The candidates are Dirk Hillard, a machinist with the Rock Island Arsenal, and Judith Lee, a self-employed environmental policy management planner and consultant. With only two candidates are running for the seat, no primary election is scheduled for that ward. The general election is Nov. 5.

Tompkins announced in early June she would not seek a fourth term, saying she wanted to spend more time with family. She has been in City Hall since 2014.

Davenport’s 8th Ward covers the north-central section of the city. Its area is largely north of 53rd Street to the city’s northern border, divided by Pine Street on the west and Jersey Ridge Road on the east.

Hillard, a first-time office-seeker, began spreading word of his candidacy on social media in June and held a campaign event earlier this month.

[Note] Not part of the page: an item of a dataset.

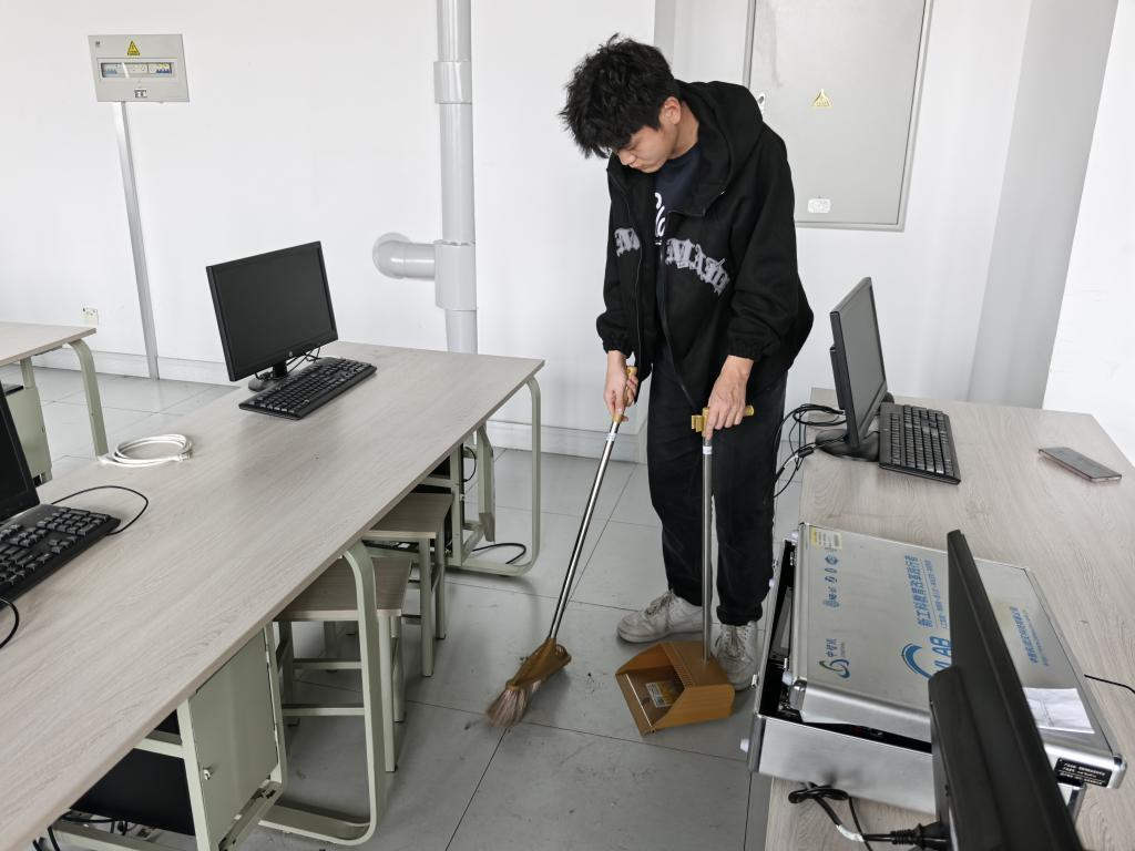 春风拂面的校园里,处处跃动着青春的风景线。活动现场,志愿者们以饱满的热情投入校园环境提升工作。他们分成三组,各自奔赴指定区域。负责校园公共区域的志愿者们,认真清扫每一处角落,不放过任何一片垃圾。在教学楼教室,志愿者们仔细擦拭黑板、桌椅,清扫地面,将教室整理得井井有条。而在机房,志愿者在清理地面卫生的同时,还对设备线路进行了整理。大家相互配合,默契十足,认真完成每一项清洁任务。三组成员通过协同配合,高效完成了各区域的环境优化任务。

As he seeks to join the city council, he’s pointed to his experience as an advocate for community members with disabilities. He founded the Quad Cities Deaf Club, is a commissioner with the Deaf Services Commission of Iowa and sits on the state licensing board for sign language interpreters.

“I know the good things about living in Davenport, as well as the issues that the city faces, such as issues of public safety, infrastructure, and economic development,” Hillard said in an emailed response to an inquiry by the Quad-City Times. “My belief is that the future of Davenport belongs in the hands of it citizens, and I will listen to what the people have to say and let that guide my work as a city counselor.”

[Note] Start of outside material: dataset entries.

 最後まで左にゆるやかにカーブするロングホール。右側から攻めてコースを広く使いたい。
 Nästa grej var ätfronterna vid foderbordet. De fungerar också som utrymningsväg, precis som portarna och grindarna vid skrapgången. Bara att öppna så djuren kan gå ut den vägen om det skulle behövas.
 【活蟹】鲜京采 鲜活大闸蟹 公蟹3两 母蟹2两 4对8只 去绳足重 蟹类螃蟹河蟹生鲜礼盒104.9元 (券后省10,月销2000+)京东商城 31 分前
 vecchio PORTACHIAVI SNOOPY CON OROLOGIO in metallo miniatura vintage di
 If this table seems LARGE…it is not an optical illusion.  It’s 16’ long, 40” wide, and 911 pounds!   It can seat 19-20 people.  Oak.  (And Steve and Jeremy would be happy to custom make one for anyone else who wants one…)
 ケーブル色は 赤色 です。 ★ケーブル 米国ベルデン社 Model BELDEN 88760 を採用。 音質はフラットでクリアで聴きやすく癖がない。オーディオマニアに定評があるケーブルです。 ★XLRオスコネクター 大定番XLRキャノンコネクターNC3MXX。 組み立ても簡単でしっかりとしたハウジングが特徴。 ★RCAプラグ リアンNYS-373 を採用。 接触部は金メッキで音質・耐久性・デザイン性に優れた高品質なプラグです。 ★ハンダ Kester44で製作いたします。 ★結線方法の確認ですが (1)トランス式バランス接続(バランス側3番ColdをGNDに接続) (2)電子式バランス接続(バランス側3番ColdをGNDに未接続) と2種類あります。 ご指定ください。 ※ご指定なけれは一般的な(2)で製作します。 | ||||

Lee filed her candidacy for the seat Wednesday after only recently arriving at the decision to run for office. She is a member of Davenport’s Zoning Board of Adjustment and runs her small business Environmental Planning Services Inc. After living in states all over the country, she moved to Davenport in 2009 and her neighborhood has become her true home, she said.

A major goal of Lee’s if elected, she said, would be integrating the needs and interests of businesses in her district with the bigger picture for the city. And as she campaigns for office, she’s looking to learn more and come up with ideas that’ll continue to make the neighborhood safe, diverse and strong.

“I feel that I could really help some folks and do a good job representing them on the city council,” she said.